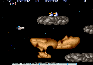 Several enemies were removed, including the sand lions in the first stage, the floating Moai head right before the boss of the Moai stage, a gigantic fire dragon before the boss of the fire stage (different from the worm-like creature that ends up being the final boss), and others are gone. Half of the underground portion of stage 3 is absent, as well as the 3D bonus stage. The eighth stage, the one with the little crystal blocks that assemble the stage as you fly through it, is gone entirely. The sixth stage, the biological level, has been truncated and moved to the end of the game, right before the final boss – the original boss of that stage, a series of brains similar to the Life Force Golem boss, has been ditched. The speed-up zone, which used to be a quick area right after beating the final boss, has been moved up a few stages, is now significantly longer, and includes a new boss.
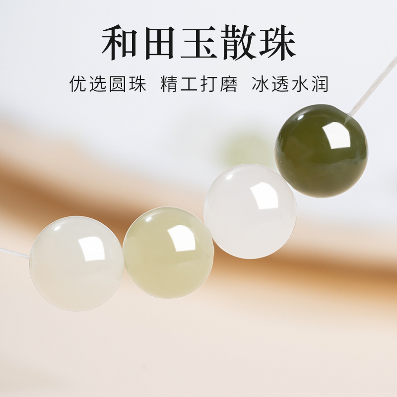 和田玉青海材料グラデーション色6m単輪ボール手串diy部品散珠ブレスレット玉アクセサリー卸売り
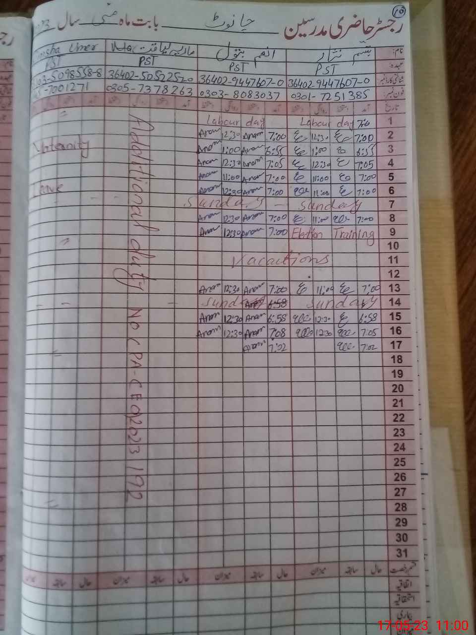 | 33**** | Ri**** Um**** | PST | Regular | 17 | 0 | 0 | 17 | 0 | 0 | 0 | 0 | 0 | Maternity |
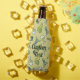 White wine. Bottle, glass, corkscrew and grapes. Seamless pattern. Custom background color. Custom text.
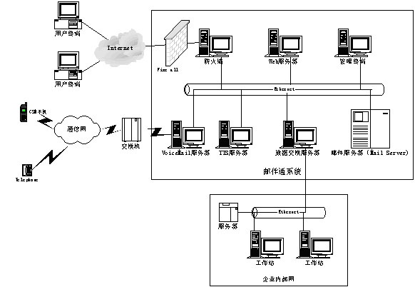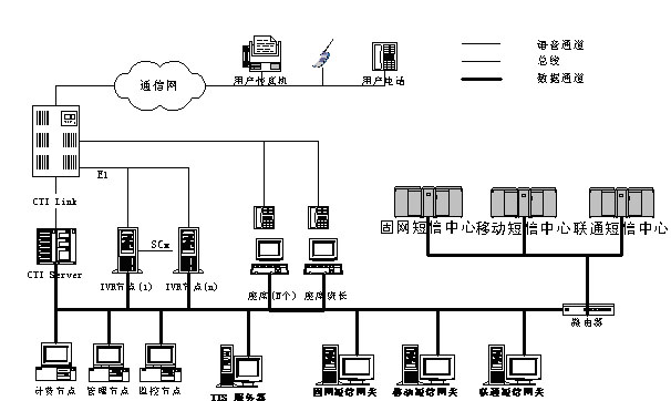對(duì)于不同類(lèi)型消息呼入、呼出的外圍系統(tǒng)設(shè)計(jì)遵循模塊化原則;系統(tǒng)內(nèi)部消息流滿足格式統(tǒng)一、可操作性統(tǒng)一、開(kāi)發(fā)接口統(tǒng)一等特點(diǎn)。在軟、硬件選型上,充分考慮系統(tǒng)的穩(wěn)定性、開(kāi)放性、經(jīng)濟(jì)性,根據(jù)不同的系統(tǒng)規(guī)模進(jìn)行詳細(xì)論證。
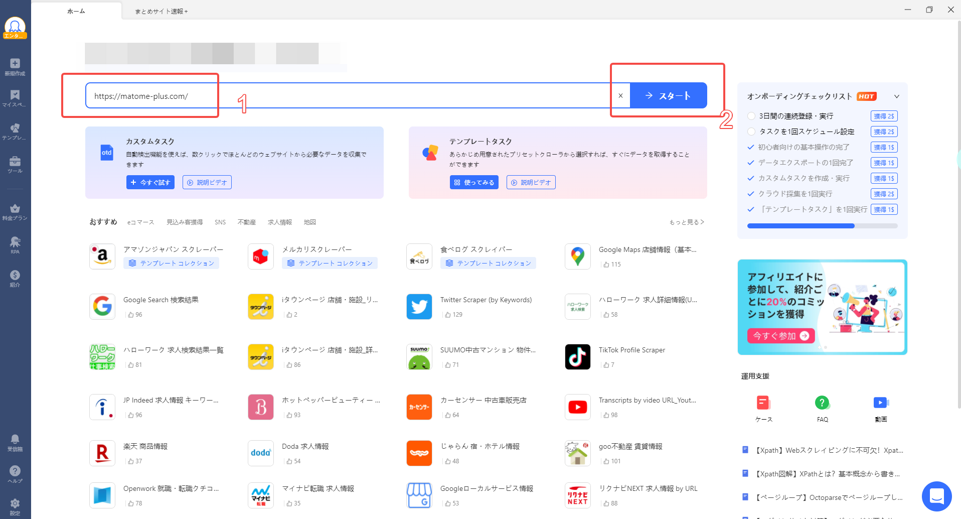 人気サイト向けテンプレート完備。クリック数回でデータ取得可能。
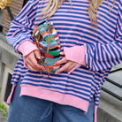 Deze Oversized Streep Sweater is een heerlijke, baggy toevoeging aan je collectie voor een moeiteloos coole look. Het item valt direct op door het speelse streeppatroon en de unieke, gelaagde details bij de mouwen en de zoom. Met zijn extra ruime pasvorm, verlaagde schoudernaden en comfortabele elastische boorden is dit de ultieme trui om in weg te kruipen. Dankzij de fijne katoenmix met een vleugje stretch draagt hij niet alleen stijlvol, maar ook ontzettend fijn.

WHAT THE EXERCISE ASKS: Could you repeat, exactly and with nothing else, the lines from the one containing "人気サイト向けテンプレート完備。クリック数回でデータ取得可能。" through the last line of the records above, leaving out the pictures?

SOLUTION FOR THIS TASK:
 人気サイト向けテンプレート完備。クリック数回でデータ取得可能。
 Deze Oversized Streep Sweater is een heerlijke, baggy toevoeging aan je collectie voor een moeiteloos coole look. Het item valt direct op door het speelse streeppatroon en de unieke, gelaagde details bij de mouwen en de zoom. Met zijn extra ruime pasvorm, verlaagde schoudernaden en comfortabele elastische boorden is dit de ultieme trui om in weg te kruipen. Dankzij de fijne katoenmix met een vleugje stretch draagt hij niet alleen stijlvol, maar ook ontzettend fijn.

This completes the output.